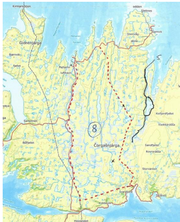
Nordkyn, stort turområde uten tilrettelegging.

I denne revisjonen har kommunen lagt vekt på å unngå Akersjøen, som fremstår som et viktig område for friluftslivsinteresser også på
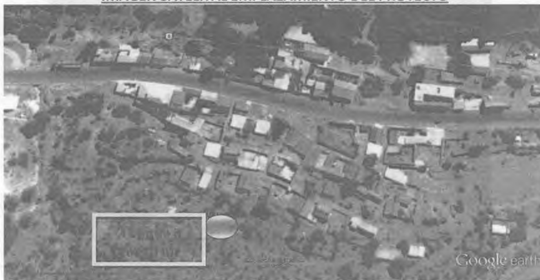
IMAGEN SATELITAL EMPLAZAMIENTO DEL PROYECTO

Que, con la ejecución del proyecto, se beneficiará de manera directamente a 1200 habitantes, que residen de manera permanente en la comunidad.
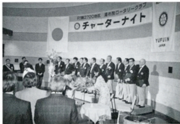
友情出演による 別府ロータリーコール の皆様
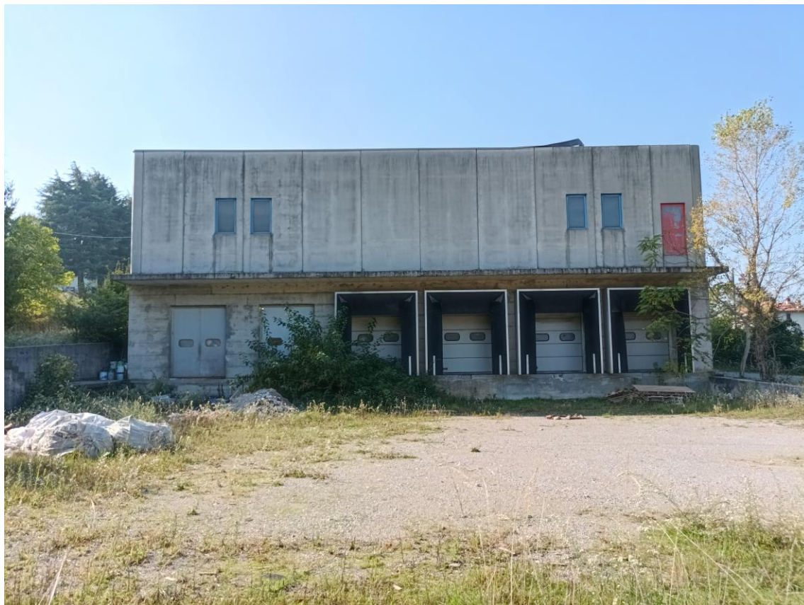
Veduta esterna – prospetto a Est.
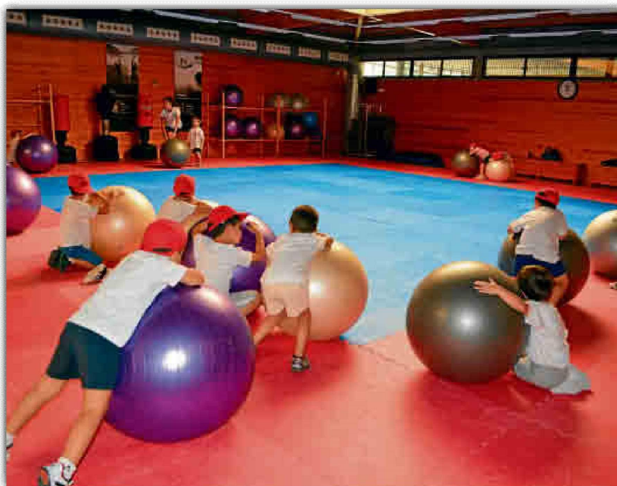
Las jornadas del año pasado fueron todo un éxito de participación.
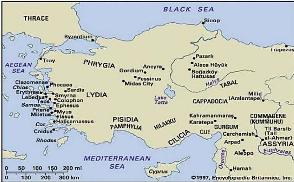
Şekil 2. Anadolu uygarlıklarının dağılımı (URL2)

Anadolu, Doğu (Asya) ile Batı (Avrupa)'yı birbirine bağlayan büyük göç yollarının ve medeniyetlerin geliştiği bir coğrafi alanıdır. Tarih öncesi uygarlıklardan günümüze kadar gelen kültürün oluşmasını sağlayan toplumların Anadolu'daki yerleşim alanları Şekil 1'de görülmektedir. Antik çağ toplumları yerleşik düzende kentler oluşturmuşlar, yerleşimleri birbirine bağlayan kara, deniz, nehir yollarından oluşan bir yol sistemi ve ağı kurmuşlardır. Bu yolların amacı ticaret ve askeri ağırlıklı olup daha düzenli, tekerlekli araçların geçmesine olanak sağlayacak şekilde yapılmışlardır. Aynı zamanda hayvan ve insanların kullandığı patika yolların izlerini gösteren kalıntılara rastlanmaktadır. Günümüzde bu ağı belirleyen kalıntılar üzerinde çalışılmaktadır. "Bunlar arasında Hitit-Asur ticaret kolonilerinin yollarını, Pers Kral Yolu'nu, Roma Dönemi Roma Askeri Yolu'nu ve bunun devamı mahiyetindeki, daha sonra İpek Yolu olarak bilinen Bizans'ın askeri ve ticaret yolu ile mil taşlarını kaydetmek mümkündür (Yavuz, 1997:3; Keçiş, 2013:850)."özetlemesini, (Demirci, 2014:101) yapmaktadır.
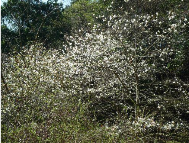
（コブシの花が咲いているね）

渋沢駅からタクシーで表丹沢県民の森まで入る（¥2,530）。ゲート前にて準備し、出発。
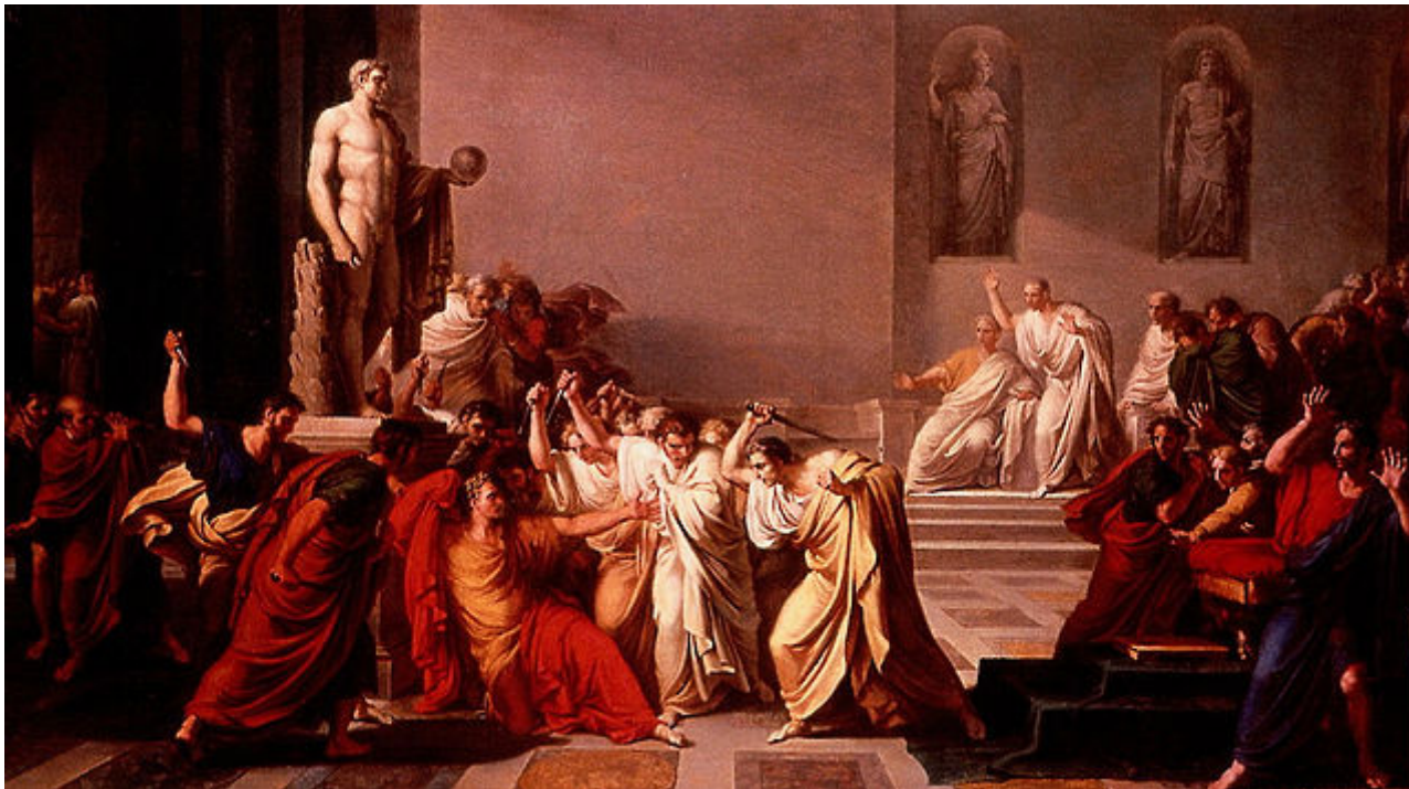
Vincenzo Camuccini: Muerte de César. Galleria Nazionale d'Arte, Roma

Incluiremos, como es habitual, la sección de expresiones latinas y recordaremos una frase del historiador Salustio que refleja la corrupción de la Roma de su época.
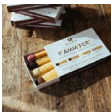
Fiammiferi Originale 4
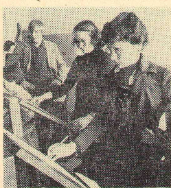
Принимают экзамены на заочном отделении ХГФ

К сожалению, наблюдается боязнь самостоятельных суждений, стремление оперировать только критическим материалом источников, не все хорошо и в достаточной мере знают тексты и совсем плохо знают историю. Филологу же без знания истории практически невозможно понять и осмыслить литературный процесс.
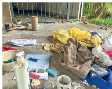
LIXO chegou a ficar acumulado no local
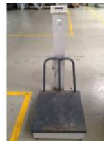
Referencia: LUI-151 BASCULA Año: . Marca: .
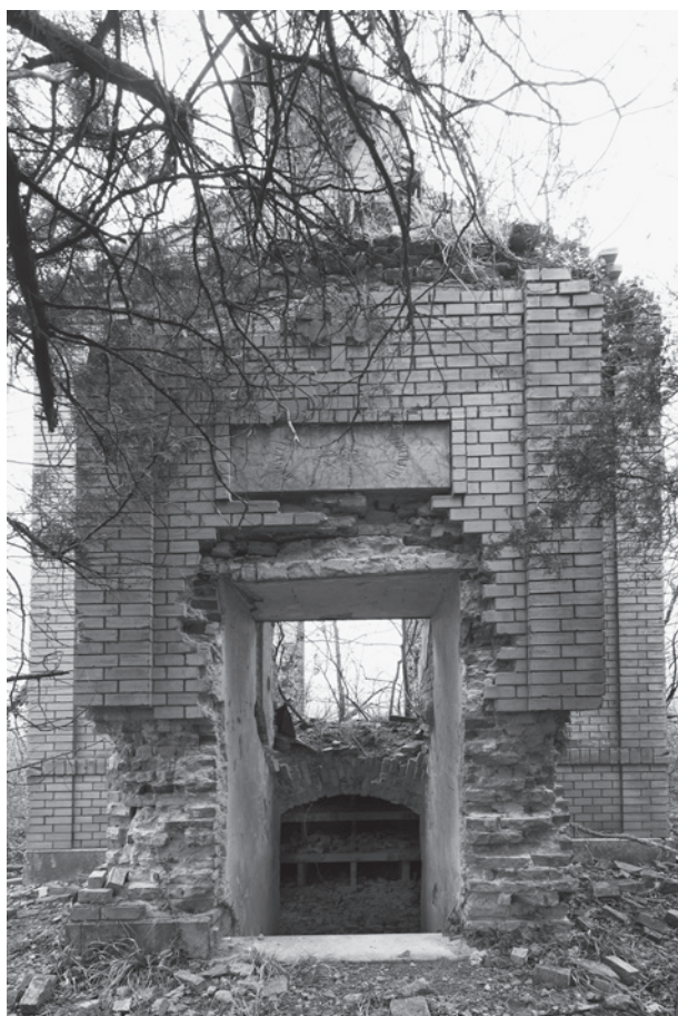
16. Az Ágoston–Kacs Kovics-sírkápolna kriptalejárata. Szőlőskislak
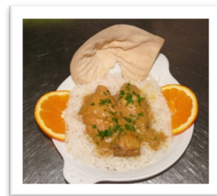
Frango de caril 3ª feira, 24 de Setembro
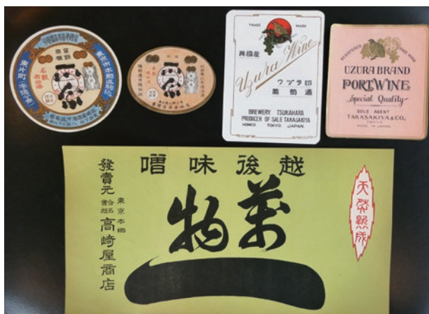
オリジナルブランドとして販売していた酒・味噌のラベル

〒113-0023 東京都文京区向丘1-1-17 TEL. 03-3811-0833(代)
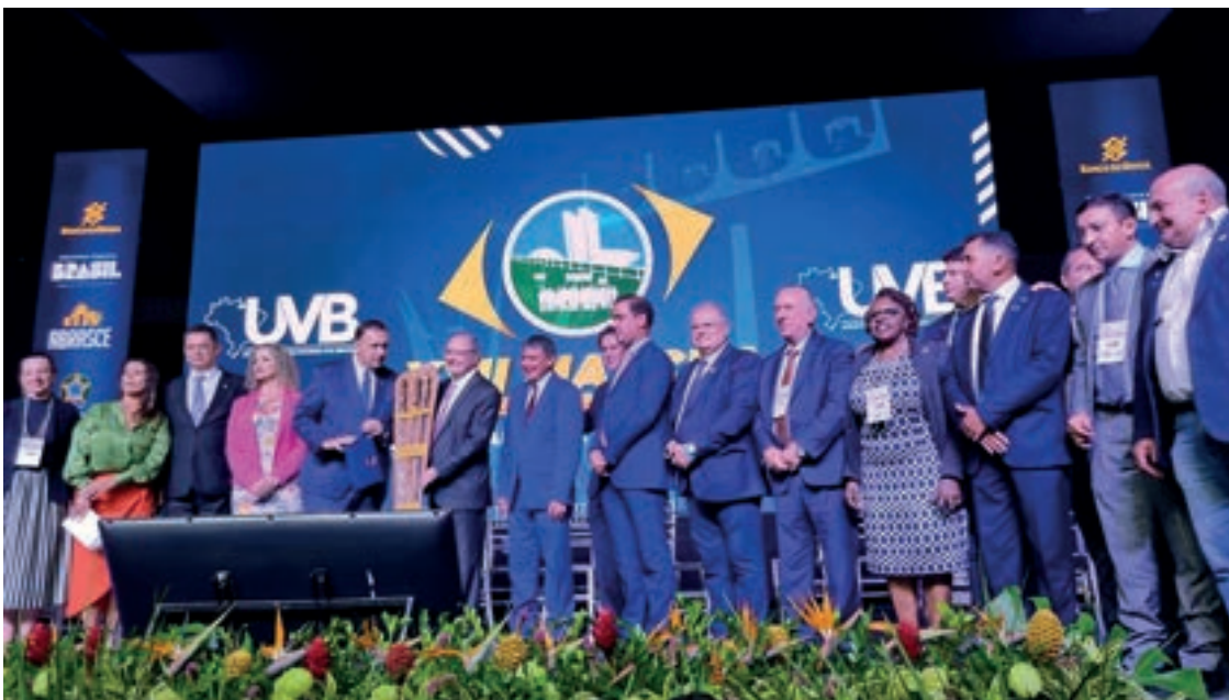
Presidente em Exercício, na época, Geraldo Alckmin recebeu uma homenagem
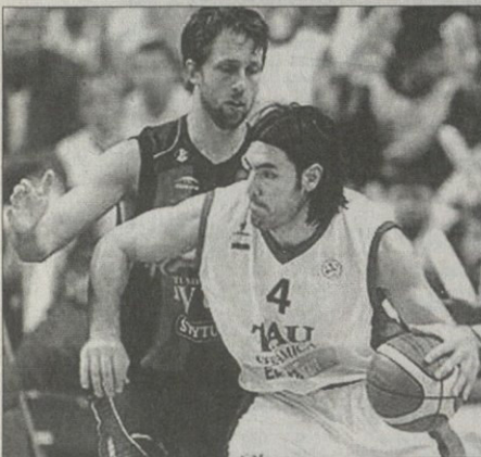
ლუის სკოლა ვეროლიეს ყველა დროის საუკეთესო ბოზმარდირი

მეორე ჯგუფური მატაჰი. მიწისზე ტურნი. 7-8 მარტი
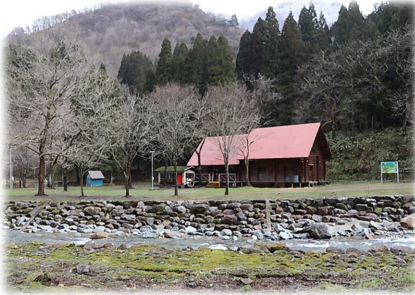
瀬波川キャンプ場 平成 31 年 4 月 1 日撮影
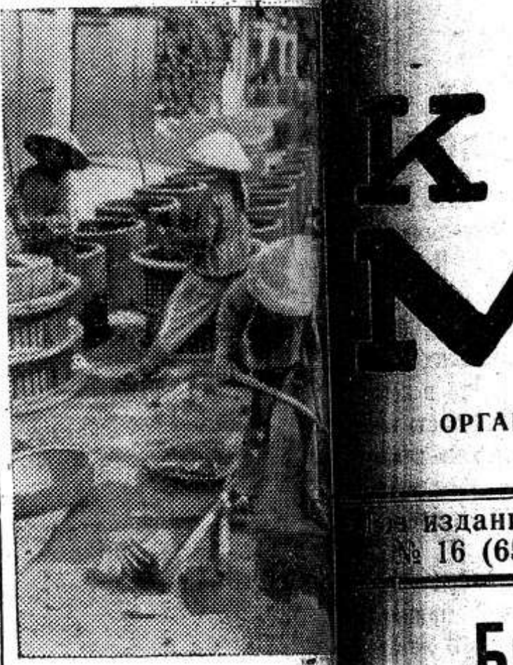
ДЕМОКРАТИЧЕСКАЯ ПУБЛИКА ВЬЕТНАМ. Многие тысячи укрытий, подобно этому, изготавливаются по всей стране. Каждое из них рассчитано на одного человека. Укрытия предназначены для защиты населения от варварских бомбардировок американской авиации.

Работники промышленности, транспорта, сельского хозяйства включились в социалистическое соревнование за достойную встречу 100-летия со дня рождения В. И. Ленина и досрочное выполнение пятилетки. Редакция надеется, что рабочие и сельские корреспонденты, читатели газеты будут сообщать о трудовом подъеме своих коллективов, обо всем том, что они считают нужным, интересным. Ждем от вас писем, корреспонденций, зарисовок, рассказов.
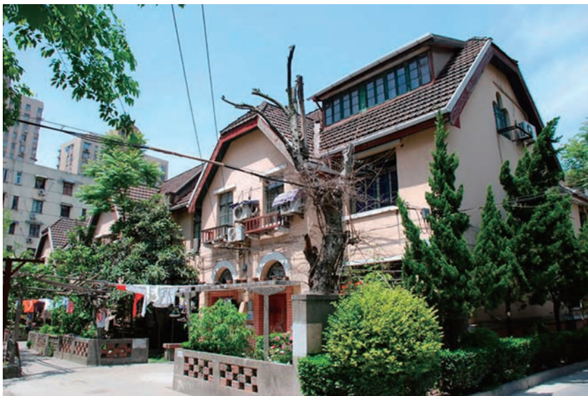
图2 澳门小区日式住宅正面

又如，澳门小区位于澳门路660弄，是民国九年（1920年）日商外棉财团为职员建造的高级住宅。抗日战争胜利后，它被改为中国纺织建设公司第二宿舍，现为居民住宅。房屋为
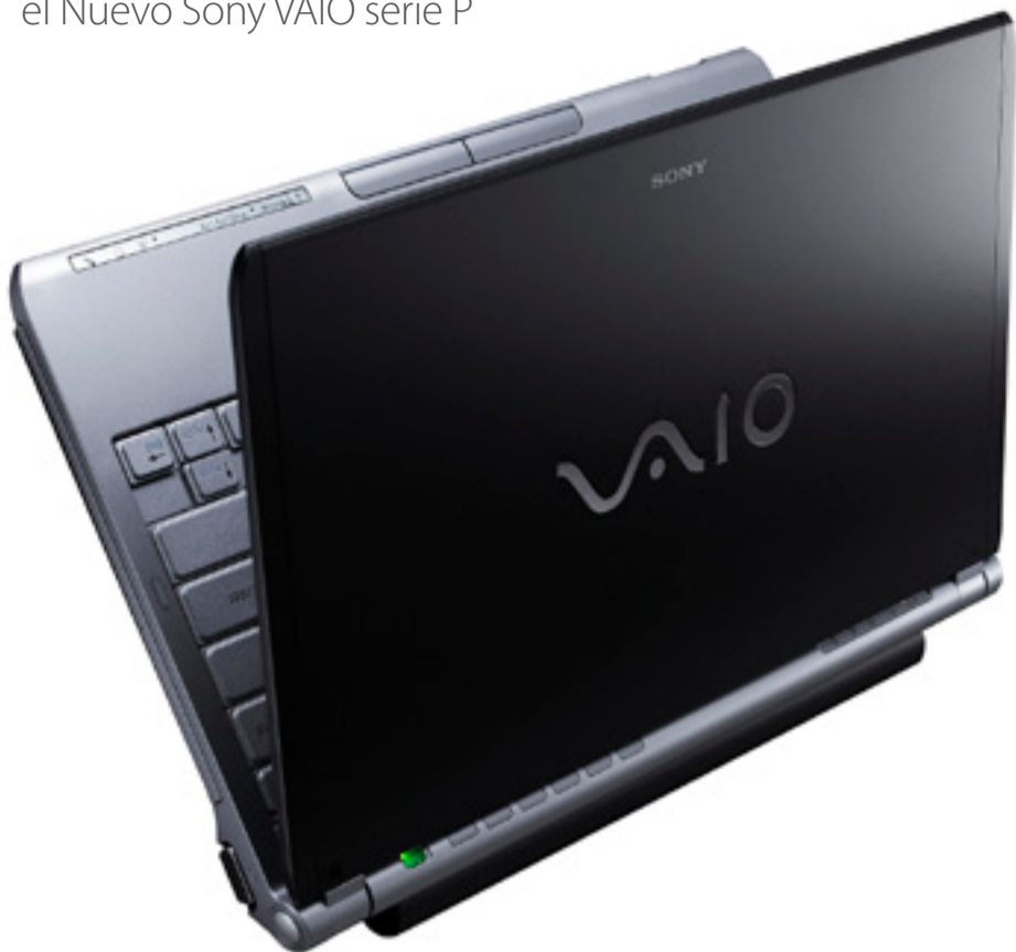
Imagen depurada, diseño sofisticado

SONY vuelve a marcar tendencias en tecnología portátil con el Nuevo Sony VAIO serie P
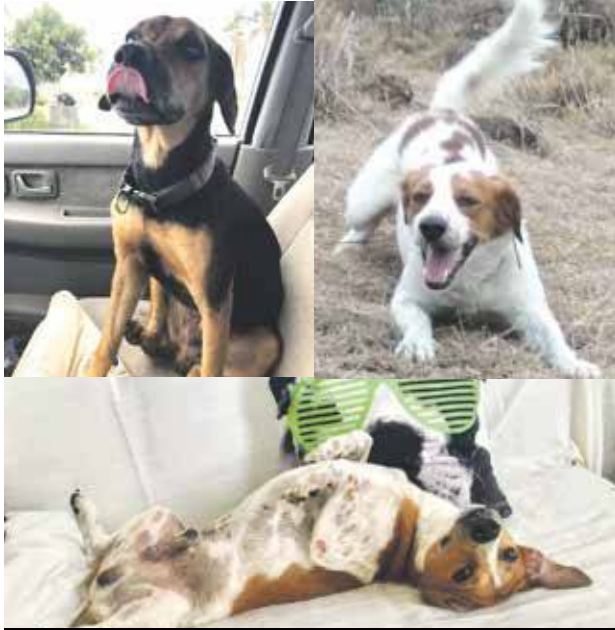
Ces trois jeunes chiens qui ont été sauvés lors de l'avant-dernière capture sont toujours en famille d'accueil en attente de leur adoption.
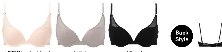
[NEW] パフピンク ダスト ブラック
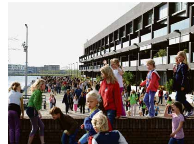
De blauwe Montessorischool, niet te missen

Onderwijsbond. Doel van de onderscheiding is om ook aan de werkgeverskant een impuls te geven aan de kwaliteit van het Nederlandse onderwijs.
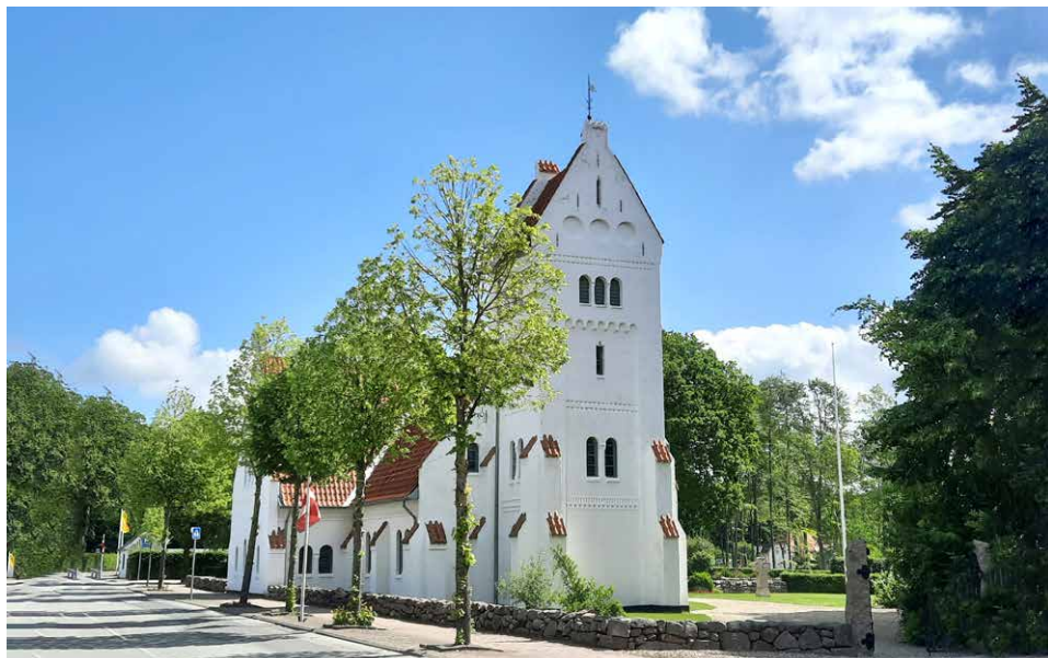
Nazarethkirken i dag.

════════════════

→ **DESCRIPTION OF THE TASK**:
Drop the pictures; return the lines above from the line containing "Veduta esterna – prospetto a Est." to the line containing "Şekil 2. Anadolu", both included, exactly.

→ **SOLVED EXERCISE**:
Veduta esterna – prospetto a Est.
Las jornadas del año pasado fueron todo un éxito de participación.
Şekil 2. Anadolu uygarlıklarının dağılımı (URL2)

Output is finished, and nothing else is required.